Task statement: Copy word for word the lines in the records below, starting at the line with "El Ministerio del" and ending at the line with "Okrągły obraz Sztuka". Skip the pictures.

Data for analysis:
━━━━━━━━

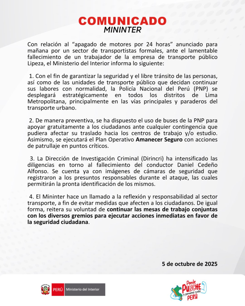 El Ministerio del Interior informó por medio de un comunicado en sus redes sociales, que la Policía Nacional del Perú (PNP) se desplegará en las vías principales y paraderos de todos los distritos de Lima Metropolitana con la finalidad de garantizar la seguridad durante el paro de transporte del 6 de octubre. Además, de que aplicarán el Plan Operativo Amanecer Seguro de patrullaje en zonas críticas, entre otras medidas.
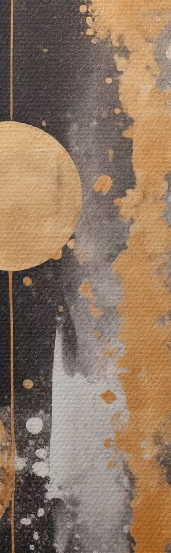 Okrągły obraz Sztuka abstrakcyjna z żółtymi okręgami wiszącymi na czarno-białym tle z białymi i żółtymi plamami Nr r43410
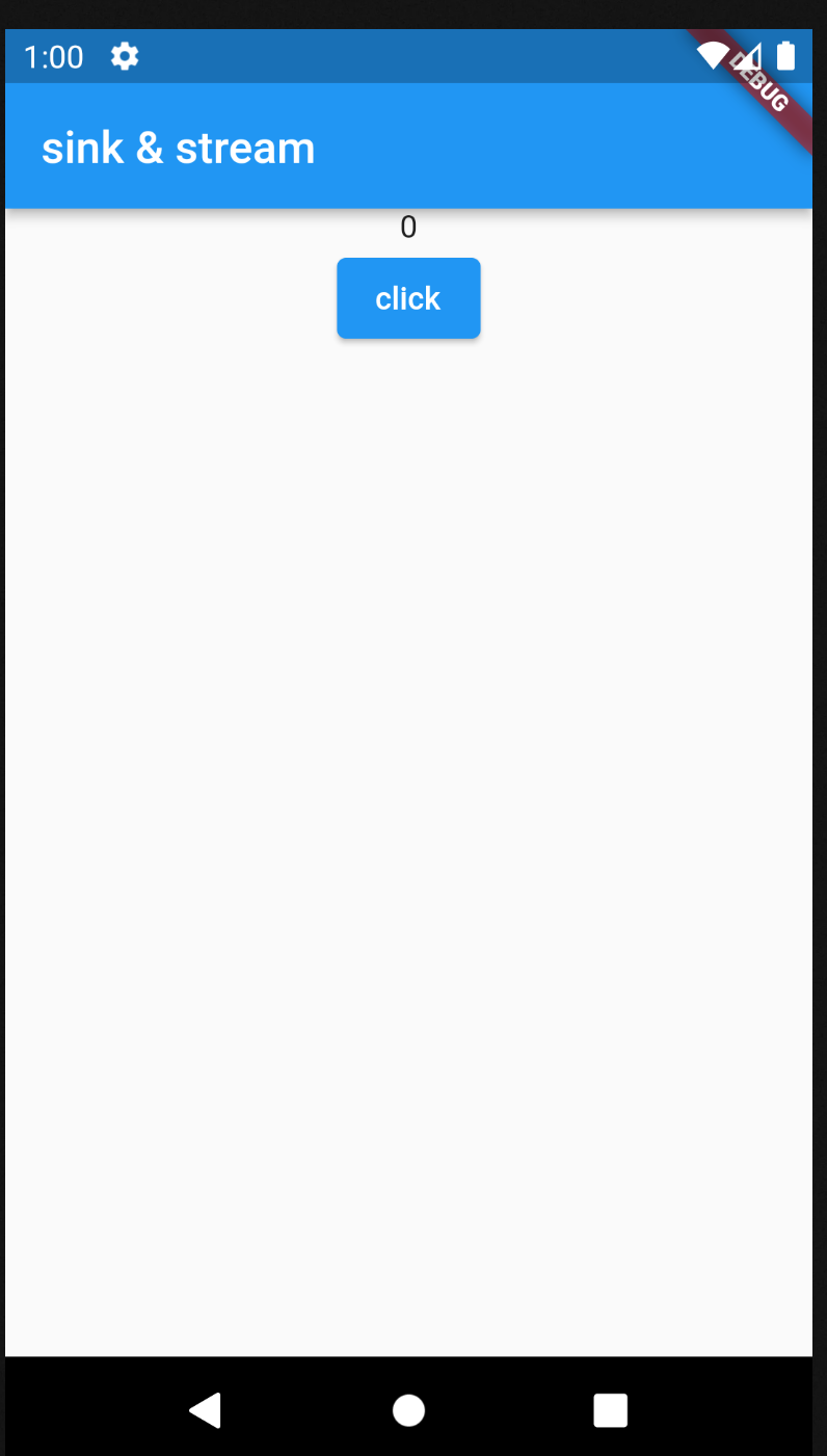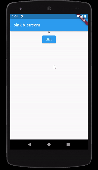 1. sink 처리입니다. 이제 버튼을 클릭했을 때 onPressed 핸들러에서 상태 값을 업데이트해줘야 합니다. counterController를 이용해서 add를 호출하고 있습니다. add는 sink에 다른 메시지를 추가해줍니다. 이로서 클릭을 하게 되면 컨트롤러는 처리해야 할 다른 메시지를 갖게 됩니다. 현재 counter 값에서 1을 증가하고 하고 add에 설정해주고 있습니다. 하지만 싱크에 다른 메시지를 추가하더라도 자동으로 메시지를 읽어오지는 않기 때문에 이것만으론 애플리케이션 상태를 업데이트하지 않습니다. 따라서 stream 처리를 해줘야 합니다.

━━━━━━━━

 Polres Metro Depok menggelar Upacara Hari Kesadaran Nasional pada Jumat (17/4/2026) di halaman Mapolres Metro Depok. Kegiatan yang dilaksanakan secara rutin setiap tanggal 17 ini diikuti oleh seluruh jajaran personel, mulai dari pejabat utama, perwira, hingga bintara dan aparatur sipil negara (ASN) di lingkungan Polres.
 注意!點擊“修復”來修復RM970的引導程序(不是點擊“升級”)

━━━━━━━━

Reply to the exercise:
 El Ministerio del Interior informó por medio de un comunicado en sus redes sociales, que la Policía Nacional del Perú (PNP) se desplegará en las vías principales y paraderos de todos los distritos de Lima Metropolitana con la finalidad de garantizar la seguridad durante el paro de transporte del 6 de octubre. Además, de que aplicarán el Plan Operativo Amanecer Seguro de patrullaje en zonas críticas, entre otras medidas.
 Okrągły obraz Sztuka abstrakcyjna z żółtymi okręgami wiszącymi na czarno-białym tle z białymi i żółtymi plamami Nr r43410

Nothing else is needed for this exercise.